Dans cette société désorientée, où se situe la jeunesse cubaine, que pense la génération du futur, à quoi aspire-t-elle et comment affronte-t-elle la réalité sociale ?
L’un des problèmes les plus graves pour l’avenir de Cuba tient au fait que la plupart des jeunes du pays émigrent ou envisagent d’émigrer, et qu’il s’agit dans la majorité des cas de gens bien formés, qui devraient assumer les responsabilités de demain. Dans les domaines sociaux, dans les universités, dans la vie économique du pays. Parallèlement, tout un pan de cette jeunesse est profondément dépolitisé et souhaite tout simplement vivre sa vie. Les jeunes d’aujourd’hui sont très différents de ceux que nous étions il y a vingt ou trente ans.

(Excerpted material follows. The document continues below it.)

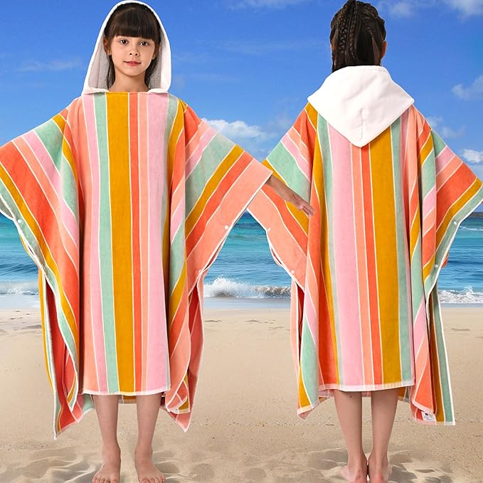 VOOVA & MOVAS Big Kids Hooded Poncho Towels for Teens (8-16Years), 100% Cotton Thick Poncho Towel, Perfect for Pool, Beach, Bath,Pink Blue Purple Stripe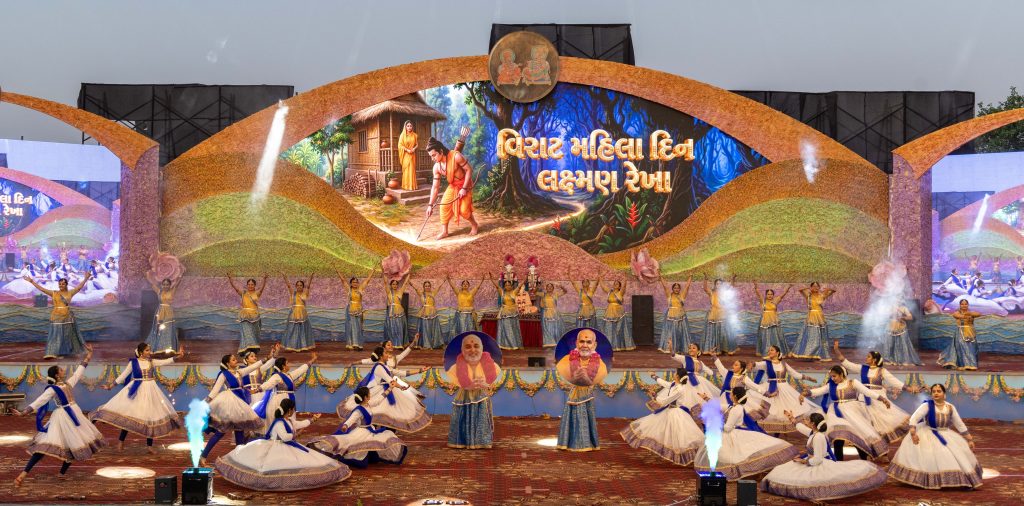 તા. 17/04/2026, શુક્રવારના રોજ માનવ ઉત્કર્ષ મહોત્સવ અંતર્ગત વિરાટ મહિલા દિન નિમિત્તે લક્ષ્મણ રેખા વિષયક વિશેષ કાર્યક્રમ ભવ્યતા અને આધ્યાત્મિકતા સાથે યોજાયો હતો. આ કાર્યક્રમ માત્ર એક સાંસ્કૃતિક પ્રસંગ નહોતો, પરંતુ BAPS સંસ્થાની નારીશક્તિ, સંસ્કાર અને સંગઠન ક્ષમતાનો જીવંત પ્રયોગ બની રહ્યો હતો. સમગ્ર આયોજનની વિશેષતા એ રહી કે શરૂૂઆતથી અંત સુધી દરેક જવાબદારી આયોજન, સંચાલન, પ્રસ્તુતિ, ટેક્નિકલ વ્યવસ્થા અને સ્વાગત સંપૂર્ણપણે બાલિકા, યુવતી અને મહિલાઓ દ્વારા જ સંભાળવામાં આવી, જે નારી આત્મનિર્ભરતાનું પ્રેરણાદાયી દૃશ્ય સર્જતું હતું.

Cela explique l’existence de tribus urbaines assez nombreuses, comme les emos, les freakies (rockers), les rappeurs, les reggaetoneros, qui abordent la vie selon des perspectives assez provocatrices et peu orthodoxes. Au bout du compte, c’est une génération beaucoup moins engagée politiquement, même si la propagande officielle continue d’affirmer le contraire.

Comme des millions de Cubains, vous avez de la famille des deux côtés du détroit de Floride. Quelle est à votre sens l’importance de la famille comme espace de réconciliation nationale, au-delà des réticences des gouvernements ?
La famille a joué un rôle essentiel pour faire évoluer les relations bilatérales. La famille cubaine a résisté et a imposé ses valeurs dans les périodes les plus difficiles. Comme chacun sait, il y a eu des moments de tension extrême : si votre mère vivait aux Etats-Unis et vous à Cuba, le simple fait d’entretenir des relations avec elle vous reléguait aux marges de la société. Fort heureusement, cet état de choses a disparu depuis longtemps déjà, et la famille cubaine a prouvé qu’elle était capable de surmonter tous les obstacles que lui imposaient les circonstances du différend. Les liens familiaux entre les deux rives représentent le pilier le plus solide pour tout processus futur dans l’île.

Je sais que vous êtes venu chercher des pistes et des personnages à Miami pour votre prochain roman. De quoi s’agit-il ?
J’ai décidé de reprendre le personnage de Mario Conde, comme je l’avais fait déjà dans Les Brumes du passé, en complexifiant l’intrigue. Je pense maintenant à un livre dont la thèse fondamentale serait la liberté comme condition humaine, comme nécessité humaine, comme concept philosophique, comme état de vie… Une vision très large de la liberté. L’histoire commence en 1640, dans l’atelier de Rembrandt à Amsterdam, et elle s’achève à La Havane à l’époque actuelle. Le personnage-clé devrait être un Juif polonais ayant vécu trente ans à Cuba, où il se passe un événement qui déclenche l’intrigue du roman. Voilà l’idée.

Note : * éd. Tusquets, Barcelone, 2009. A paraître chez Métailié en janvier 2011 sous le titre L’Homme qui aimait les chiens.